NOT missing cards (Ace-0, Two-0, Three-0, ..., King-0) - (These are the cards missing that we don't know what they are exactly, but we know they are not some card.)

For example if we have

Known missing cards: (Ace-0, Two-2, Three-0, Four-1, Five-0, Six-0, Seven-0, Eight-0, Nine-0, Ten-0, Jack-0, Queen-0, King-0)

NOT missing cards: (Ace-3, Two-0, Three-0, Four-0, Five-1, Six-0, Seven-0, Eight-0, Nine-0, Ten-0, Jack-0, Queen-1, King-0)

We know that the deck has 2 Twos missing, 1 Four missing, 3 cards missing that are not Aces, 1 card missing that is not a Five, and 1 card missing that is not a Queen (8 cards missing total).

Given this information, in the general case (with arbitrary arrays), what is the probability distribution of the next card in the deck?

Also, a follow up question to this is what is the probability distribution for each of the missing cards that we know are not something?

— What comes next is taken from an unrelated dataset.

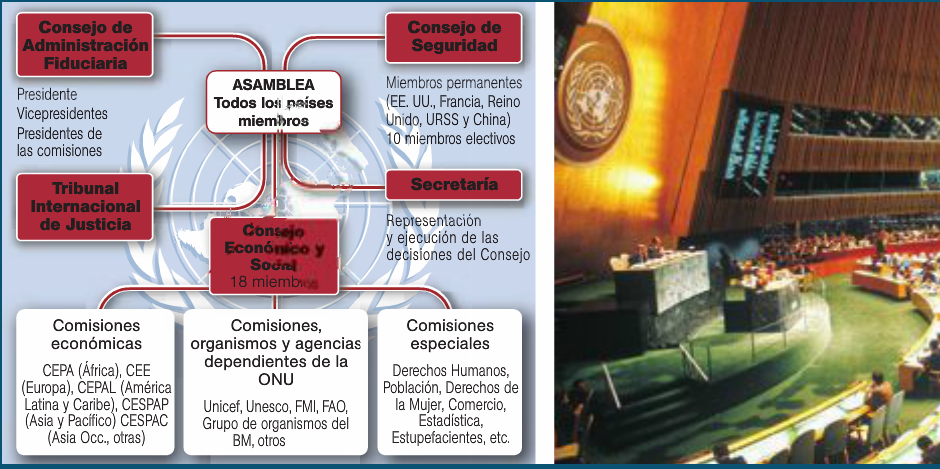 7. LAS CONSECUENCIAS DE LA GUERRA1. LA DESTRUCCIÓN BÉLICALa Segunda Guerra Mundial tuvo los efectos más destructivos conocidos hasta hoy: - Pérdidas demográficas: Murieron alrededor de 54 millones de personas, la mayor parte de ellas civiles. - Pérdidas materiales: Muchas ciudades, así como vías de comunicación e infraestructuras, fueron arrasadas. - Cambios territoriales: Alemania perdió territorios en el este, que pasaron a Polonia y Rusia, y fue ocupada por los vencedores. Italia cedió territorios a Yugoslavia y Grecia en el Adriático y el Egeo, respectivamente. Por su parte, Japón fue ocupado por Estados Unidos. - Trauma moral: El número de víctimas, los desplazamientos, la destrucción, etc., provocaron un gran impacto psicológico. 2. LA ORGANIZACIÓN DE LA PAZ Durante la guerra, los aliados celebraron conferencias de paz para organizar el mundo de posguerra. En Teherán (1943), Yalta (1945) y Potsdam (1945) los aliados coordinaron sus esfuerzos bélicos y decidieron repartir Austria, Alemania y Berlín en cuatro zonas de influencia. Además, se acordó la celebración del proceso de Nuremberg, en el que se juzgó a los líderes nazis por haber cometido crímenes contra la humanidad. Progresivamente, el clima de entendimiento entre los aliados fue sustituido por una nueva rivalidad entre Estados Unidos y la Unión Soviética, las dos nuevas superpotencias. Era el origen de la guerra fría. 3. EL NUEVO ORDEN ECONÓMICO Las potencias vencedoras diseñaron la organización económica del mundo en la Conferencia de Bretton Woods (1944). El nuevo modelo se fundamentó en dos instituciones: el Fondo Monetario Internacional (FMI) y el Banco Mundial (BM). Además, se reconoció el patrón oro y se aceptó el dólar como moneda de referencia mundial. El sistema quedó completado con el GATT (Acuerdo General de Aranceles y Comercio). La URSS se mantuvo al margen de todos estos acuerdos. 4. LA CREACIÓN DE LA ONU En la Conferencia de San Francisco (1945) se fundó la Organización de Naciones Unidas (ONU). Los objetivos de la ONU eran: - El mantenimiento de la paz. - La resolución de conflictos. - El respeto a los derechos humanos. - El fomento de la cooperación internacional. La ONU quedó estructurada en los siguientes organismos: - La Asamblea Nacional, formada por todos los Estados miembros. - El Consejo de Seguridad, compuesto por quince miembros, cinco de ellos permanentes (Estados Unidos, URSS, Francia, Reino Unido y China). - La Secretaría General, cargo unipersonal dedicado a impulsar iniciativas y gestionar la diplomacia.

For example, if we know a card is missing and it is not a Two, what is the probability distribution of that cards value (given the arbitrary arrays)?

It sounds like you can basically separate the cards into three piles: cards that are known to be missing from the deck (imagine they are face up), cards that are missing from the deck but are unknown (say $$m$$ of these), and the deck itself (say $$n$$ of these). You also have a list of cards that cannot be in the second pile, and hence must be in the deck. For a card that is known to be in the deck, the probability it is on top is $$1/n$$ (it is equally likely to be anywhere in the deck). For a card that you know nothing about, the probability it is on top of the deck is $$1/(n+m)$$ (it is equally likely to be in the deck in any position or in the pile of missing cards).